In the past, he says, the charity reminded its membership and supporters about the option of leaving a legacy “once every two to three years, but not with any great consistency”. Having observed secular charities running legacy campaigns, in October OneBodyOneFaith included information in its regular communication to members about “leaving us something in their wills”, and also “started to drip-feed it into social media and our website,” he says.
“Of course,” Mr Dowding admits, “we might get a load of people saying, ‘Why have you sent this out now? How could you be so callous?’, but, after two weeks, we have yet to have any negative feedback.”
In contrast, St Luke’s for Clergy has decided not to have a legacy drive this year. “It is always difficult talking to people about the end of life,” Miss Appleby says, “and, obviously, a lot of people have been negatively impacted. Many people choose to leave us a legacy of their own accord, anyway, and I think people are noticing a lot more what different charities are doing, and how it impacts their communities.”
Mr Millward, who is currently working as a consultant to the charity Leonard Cheshire after a six-month contract with Christian Aid, believes that the disruption the pandemic has caused presents Christian charities with an opportunity to look differently at the very notion of a legacy.
“I don’t think it’s just about whether we make that ask once a year, or in everything we do. I think it’s about how we engage with our supporters, and show ourselves to be people who will honour the commitment they make, to deliver the impact they want to see in the world.”

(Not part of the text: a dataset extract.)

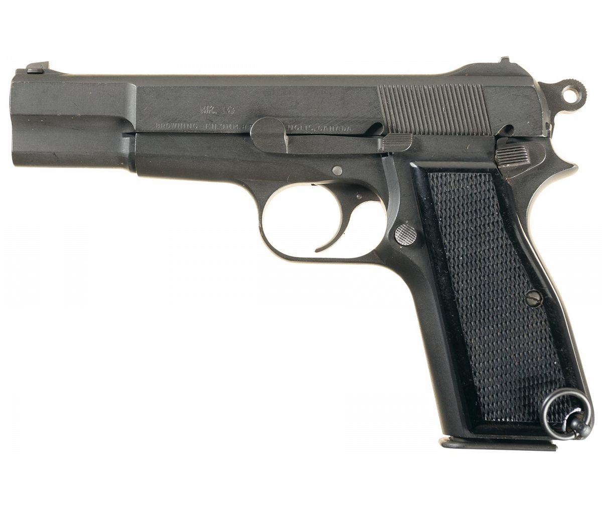 This is a late production version manufactured by the Inglis factory in Canada. It has the fixed front and rear sight with no stock slot in the back strap. The slide has the two line, markings of: "Mk I*/BROWNING -FN 9MM HP-INGLIS CANADA". The right side of the pistol has the stacked serial number "6T390" on the frame slide and barrel, along with a partial Canadian Broad Arrow C proof and the Crossed Sceptre proofs on the frame and slide. It is fitted with checkered black plastic grips and is complete with one WWII "JI" marked magazine.

Many people are more conscious of their own mortality now, and are anxious to make sure that, if the worst should happen to them, they will be as well prepared as they can be. Mr Millward suggests that charities can offer to help them to write their wills “not as an ask, but as a service, as a way to help people to get their end-of-life admin in order, to reflect on their lives and their values, to face death in a more positive way, and to leave a legacy that will help to shape the future”.
Christian charities, he suggests, already have “a language, a tone, a relationship they can draw on. Legacy giving is about meaning and purpose, connection and community, faith and hope. The reductive approach that we too often take is a disservice.”